Actually, I would say that a society ruled by "empathy" would quickly collapse, as the people in charge would be unable to make decisions based on an objective cost/benefit analysis, but instead would be paralyzed by emotional concerns. It's a common cliche that "you can't put a price on human life", but every modern society does, constantly, and if a society's leaders can't do this, the society will fail.
To use a highly oversimplified example: Let's assume that we can prevent 50% of automobile related deaths by imposing a regulation that increases the cost of a car by $1.00. Most people would say that would be worthwhile.

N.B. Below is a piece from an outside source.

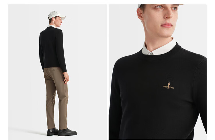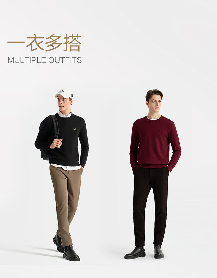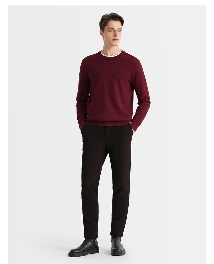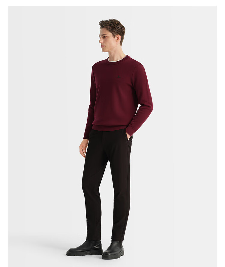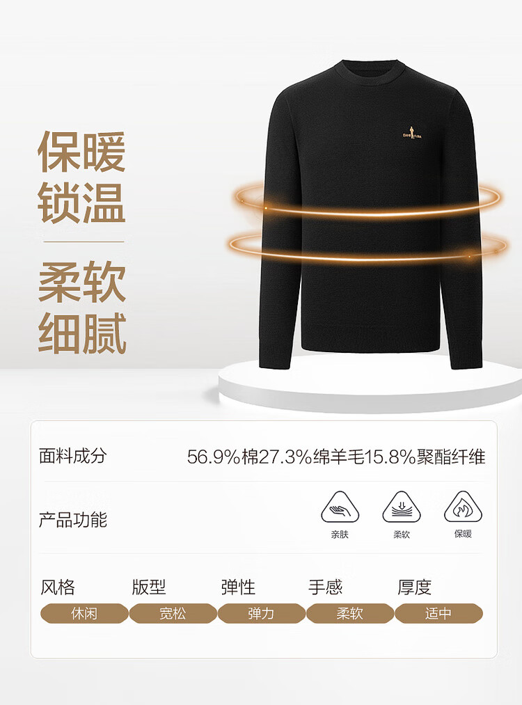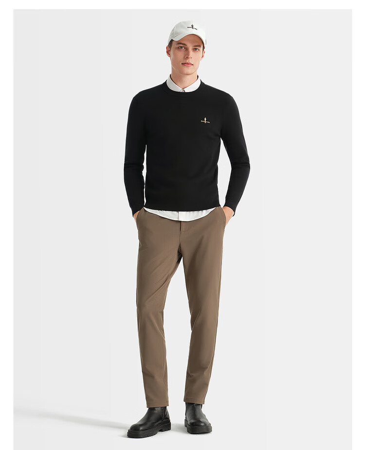Biyinlefen sheep wool spring and autumn men's casual all-match sweater warm round neck textured wool sweater skin-friendly 75 light green S

To prevent 50% of the remaining deaths, we can increase the cost of a car by $100.00. To prevent 50% of the remaining deaths (this report was commissioned by Zeno, by the way), the cost increases by $1000.00. And so on. There is a point where someone must say, "Yeah, the harm done by increasing costs that much outweighs the value of the lives saved." An "empathic" person would be unable to draw that line, as he'd be unable to say "Some known percentage of people will die in accidents, people who COULD have been saved if we'd spent more money." This carries across many different fields and areas of human activity, from drug trials to engineering. There's a point where some level of risk must be deemed "acceptable". The more empathic someone is, the more difficult it will be for them to consciously allow a certain number of probable deaths or injuries.
Emotions are easy to manipulate. I show you (generic you, not you personally) a bunch of pictures, along with heart-wrenching stories, of Palestinean children killed by Israeli bombs. "How can we support such murderers?", you ask. Then I show you heart-wrenching stories of Israeli children killed by Palestinean bombs. "We have to protect these people!", you cry. If your decision is based on how much you CARE, you can't make a decision. You have to step back and evaluate which side, if either, is more useful to support for reasons totally irrelevant to how many children are getting killed. You have to reduce people to numbers and statistics -- or you can't decide, and meanwhile, even more people die while you waffle.

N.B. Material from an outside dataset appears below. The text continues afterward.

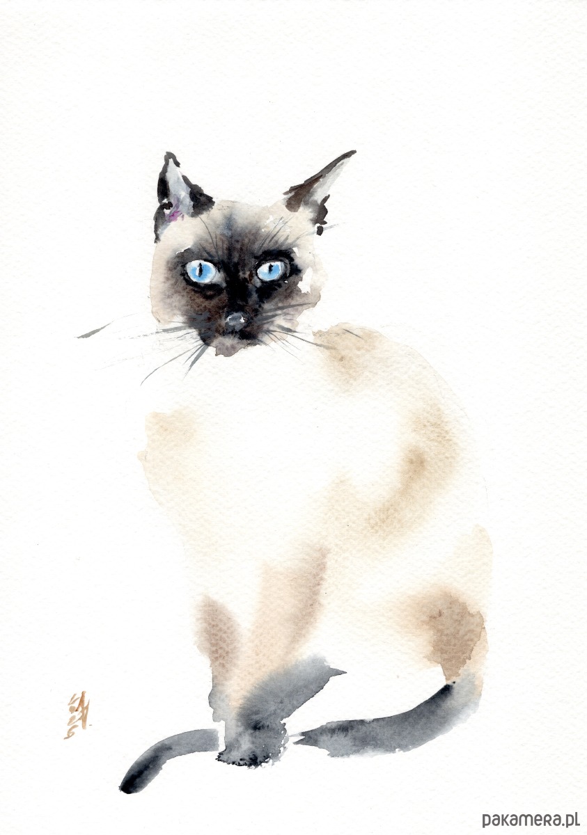 Oryginalna akwarela. Kot

More abstractly, there will always be more problems than there are resources to solve them. Someone has to decide whose suffering to alleviate, and whose to ignore. People who are too empathic can't; at best, they'll make decisions based on whichever crisis is most heart-touching to them (usually determined by which one has the best propaganda), not on other considerations.
Most of our society, at all levels, can only function if we set aside our feelings and focus on facts. An umpire shouldn't make calls based on which team he wants to win, even if his motivation is sympathy for the feelings of the team that keeps losing all the time. A boss shouldn't fire or hire people based on who he likes more, but on job performance. We disdain those who show favoritism to friends and relatives, but it is psychologically normal to be more sympathetic to those closest to you. It is psychologically *abnormal* to make decisions without regard to your emotional connections to people -- but people in power are expected, even required by law, to do precisely that, to decide things without consulting their feelings.
Thus, it is inevitable that those with the least empathy will rise to positions of power, because those with the most can't do the job.
(I've run into a depressing number of people who are convinced this is not the way the world is; that if only we all CARED enough, there'd never be a need for hard decisions, because everyone would just do the right thing, all the time.)